10年かけて少しずつ1,000円に近づいていった。
2009年頃だったか「最低賃金を1,000円に」という主張をする政治家が出てきて、当時は非現実的な話だと思っていたのですが、2019年になり、それがついに実現します。
最低賃金1,000円という話は民主党政権の頃に出てきたもので、一気にそこまでの水準には達しませんでしたが、2019年には東京都と神奈川県で1,000円を超えます。
2018年の10月には、東京都が985円、神奈川県が983円に改定され、2019年10月に28円プラスされ、前者は1,013円、後者は1,011円に変わります。
ちなみに10年前は、東京都が791円、神奈川県が789円でした。
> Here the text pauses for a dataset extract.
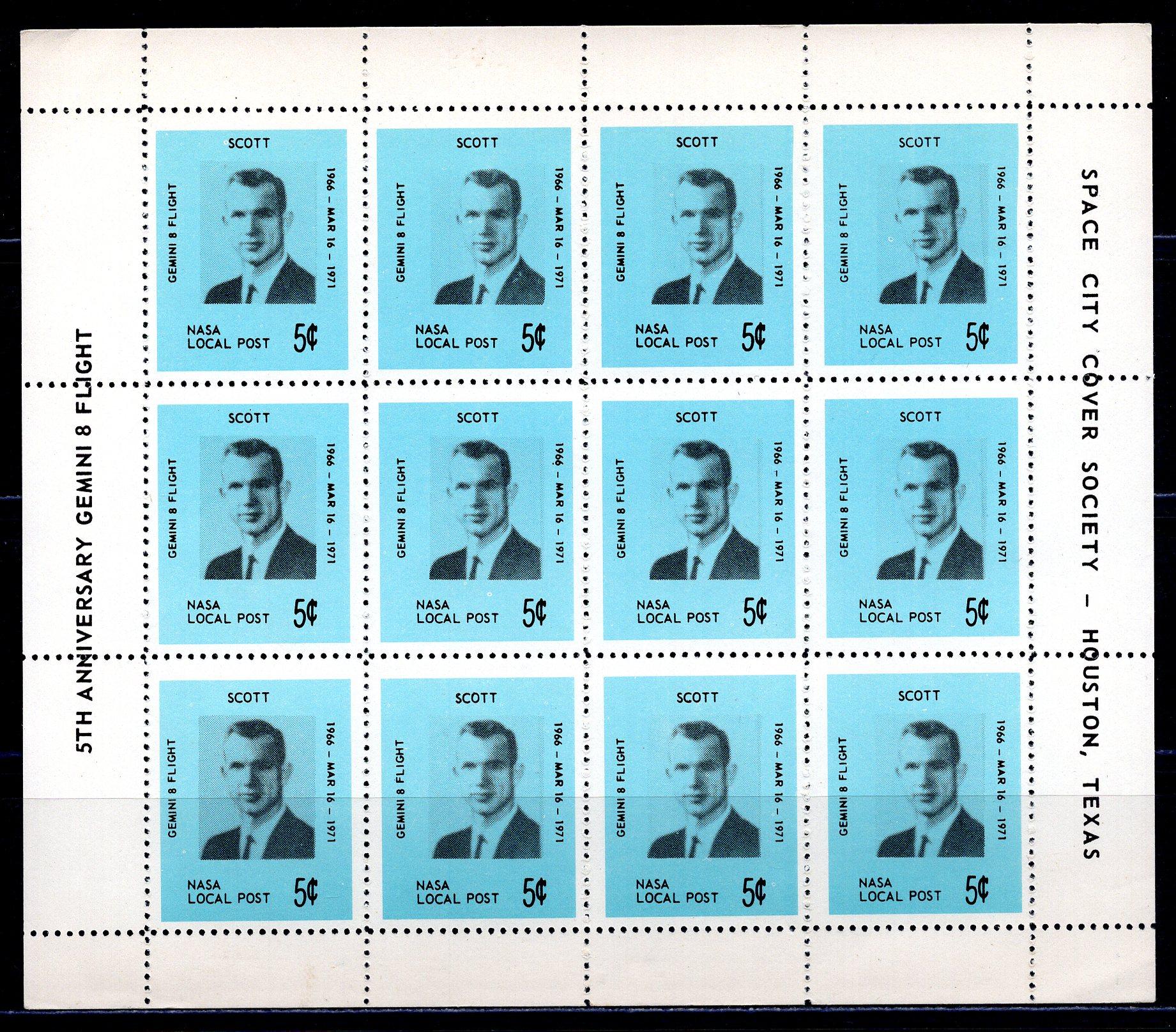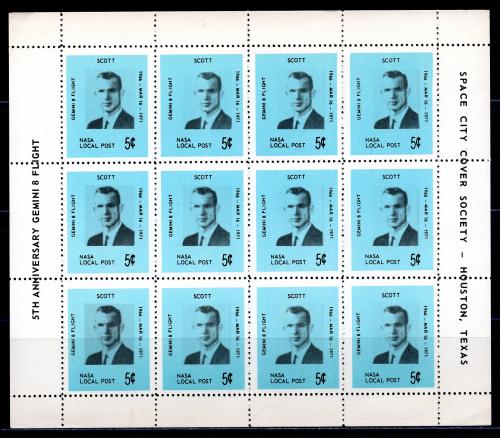 Почтовые марки. США. 1971 г. Космос. Локальная почта НАСА. Джемини-8. Лист.

10年で約200円ほど最低賃金が上がったことになります。
最低賃金が変更されるのは毎年10月ですから、最低賃金近くに給与を設定している事業所は、労働条件を変更する対応が必要になります。
時間と給与が連動するとヤル気がでない。
最低賃金は経済学者には不評で、最低賃金が無いほうがいいという意見もあります。
賃金水準に下限値が設定されると、下限を下回る賃金しか払えない会社では人を雇えなくなりますから、労働市場での需要が減退します。
労働需要が減るということは雇用が減ることを意味しますから、労働者にとっても都合が悪い。ゆえに、最低賃金が無いほうが雇用が最大化される、というのが経済学での理屈です。
時間と賃金が連動していて、どんなに仕事をしても給与が変わらないとなれば、使用者にすれば賃金が割高になりますし、労働者にとっては賃金が安いと感じてしまいます。
繁忙期は、費用よりも収益が上回り、事業者にとって嬉しい状況になりますが、閑散期にも同じ賃金で雇うとなれば、収益よりも費用の方が多くなり好ましくないのです。
本来ならば、繁忙度合いに応じて報酬も変わるべきなのですが、時間と給与を紐つけてしまっているため、忙しかろうと暇であろうと同じ給与を払わないといけないわけです。
一生懸命に仕事をやろうがやるまいが同じ給与ならば、人間は手抜きしようと思うもの。時間給900円と決まっていたら、どんなに忙しくても1時間で900円ですし、逆に、どれほど暇でも900円です。これだと、忙しい日は不満を言う人がいるでしょうし、なるべく暇な日に出勤しようとする人も出てくるはずです。
時間と給与が連動していると給与計算はラクですが、働く人のヤル気は思わぬ方向へ行きがちです。
「時間に対する賃金」と「仕事に対する報酬」を組み合わせる。
時間に対する賃金はゼロにはできませんし、最低賃金法で下限値も設定されています。そのため、それを下回る水準に設定することはできません。
時間に対して給与を支払っているとヤル気が出ないものですが、仕事や成果に対して報酬が支払われる仕組みがあれば状況は変わるでしょう。
成果報酬といっても、簡単なところから始めることも可能です。成果を定量的に評価するのは難しいのですが、やった仕事に対する評価ならば難しいものではありません。
例えば、掃除当番をやると500円、店頭挨拶をやると1000円のように、仕事に対して報酬を付けます。さらには、お中元を紹介販売をすると1件で500円というのも良いですね。
時間に対する賃金は少なめに設定し、このような形で報酬を上乗せしていくと、働く人の気持も変わるのではないかと思います。
他には、繁忙日とそうではない日で給与に差を付けるのも一案です。土日祝日は時間給を100円プラスする。夏休みの時期は学生の時間給を100円プラスするなど。時間給を増やすのではなく、先程のような仕事に対する報酬を増加させるのもありです。
時間を給与に変えるような働き方ではなく、仕事なり成果を給与に変える仕組みがあれば、人はヤル気になるもの。
時間に対する給与で最低ラインの収入を確保しつつ、そこに上乗せしていくというイメージです。
最低賃金が上がっても、時間と賃金が固定されている状況では、人の気持ちは変わらないものです。言葉でヤル気を出せと言っても動けるものではありませんが、具体的な仕組みがあれば人は動きます。